--- Required action ---
All that belongs in the answer is the lines from the one containing "The statement published" to the end of the listing below, copied exactly, pictures excluded.

--- Given data ---
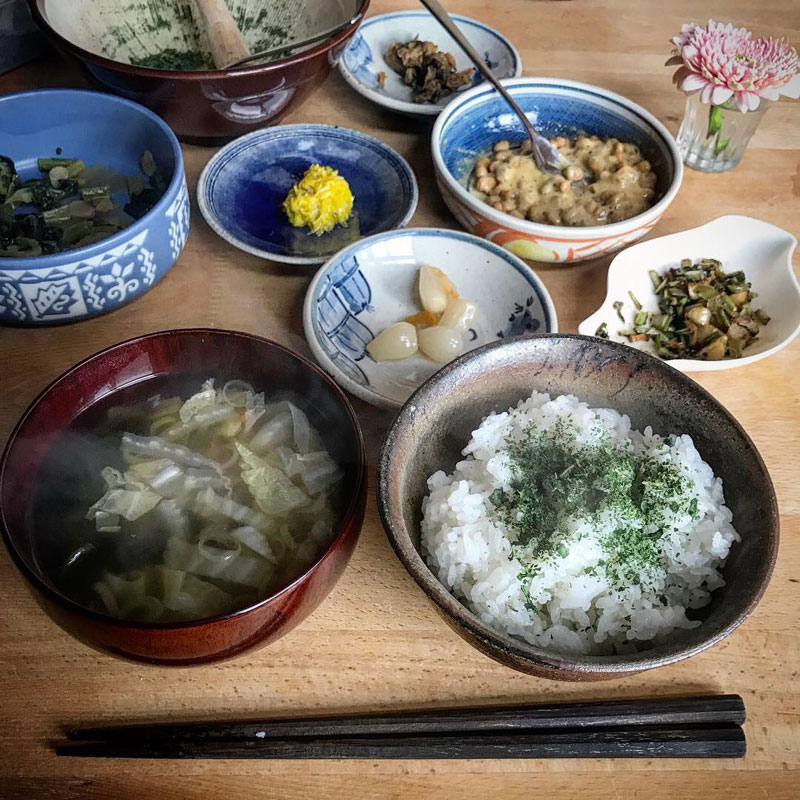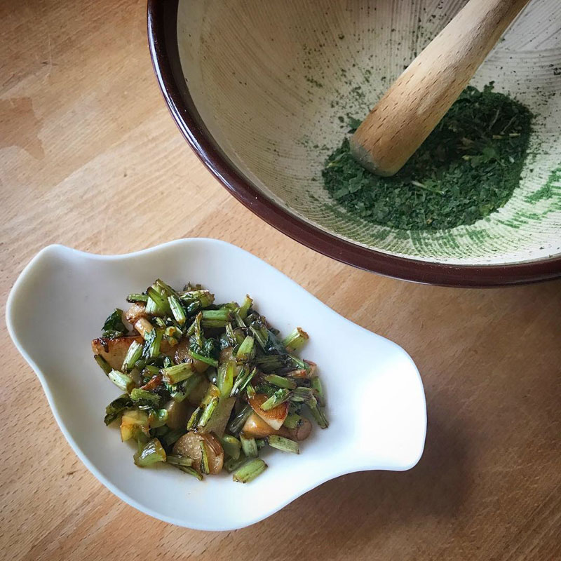 昼飯に畑から大根間引いてきて大根の茎と実は胡麻油炒め。葉はしごいてレンジで水気を飛ばして塩と一緒にあたり鉢でする。
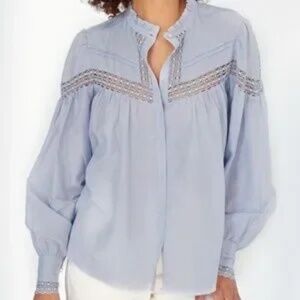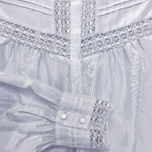 Beautiful vintage-inspired blouse with modern appeal. Airy silk/cotton blend coupled with intricate crochet lace insets makes this a standout take on the seasonless cotton shirt.
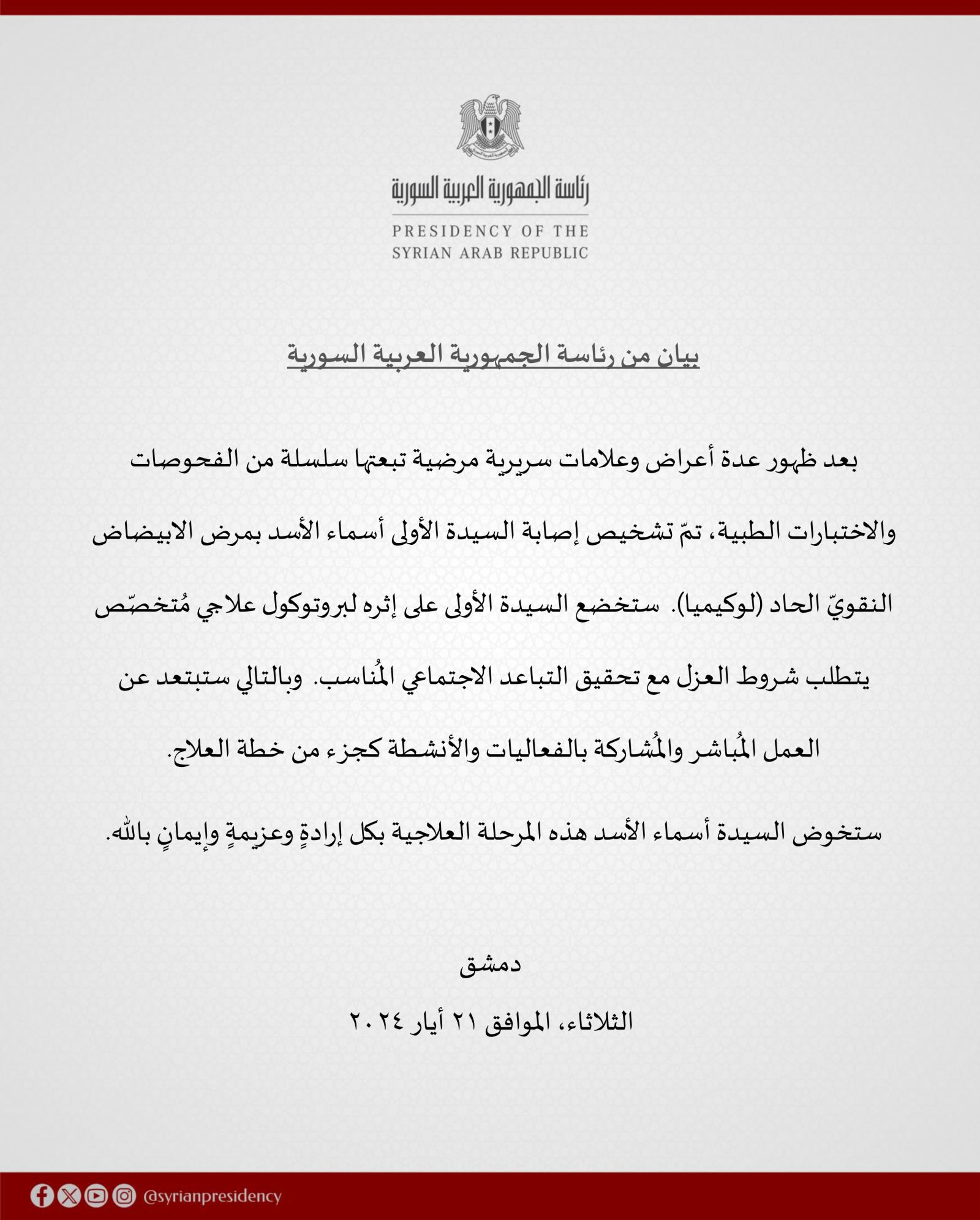 The statement published by the Presidency of the Syrian Arab Republic a few minutes ago on social media platforms revealed that Asma Assad, 48, recently underwent a series of medical and laboratory tests.
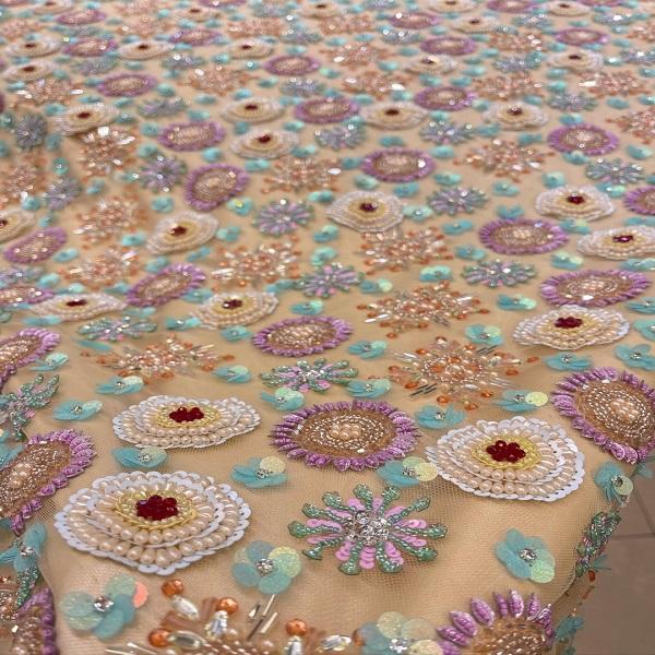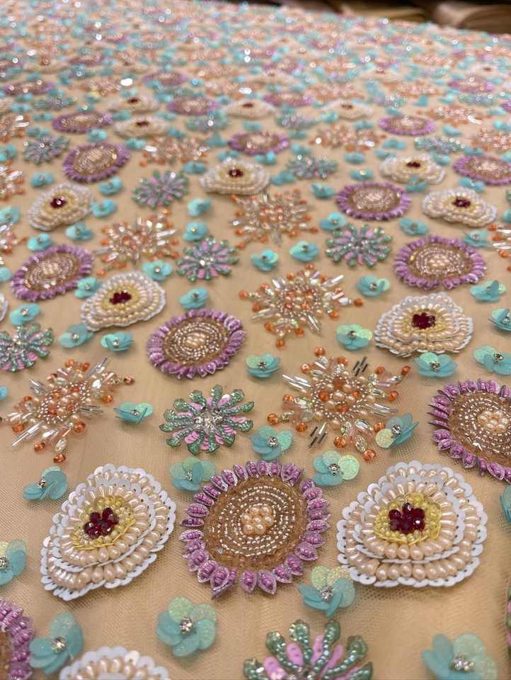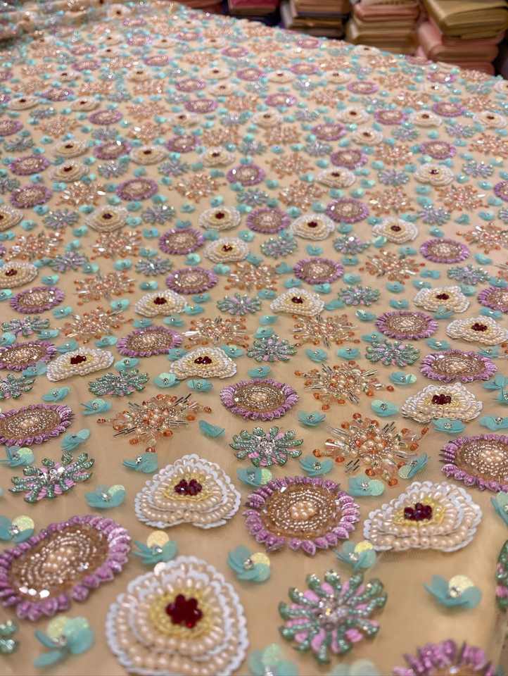 ผ้าลูกไม้คุณภาพสูงพร้อมงานปักลูกปัดหนักแน่น สำหรับชุดเจ้าสาว ชุดราตรี เสื้อผ้าดีไซเนอร์ ใช้ในอุตสาหกรรมแฟชั่นหรูหรา

--- Result of the exercise ---
 The statement published by the Presidency of the Syrian Arab Republic a few minutes ago on social media platforms revealed that Asma Assad, 48, recently underwent a series of medical and laboratory tests.
 ผ้าลูกไม้คุณภาพสูงพร้อมงานปักลูกปัดหนักแน่น สำหรับชุดเจ้าสาว ชุดราตรี เสื้อผ้าดีไซเนอร์ ใช้ในอุตสาหกรรมแฟชั่นหรูหรา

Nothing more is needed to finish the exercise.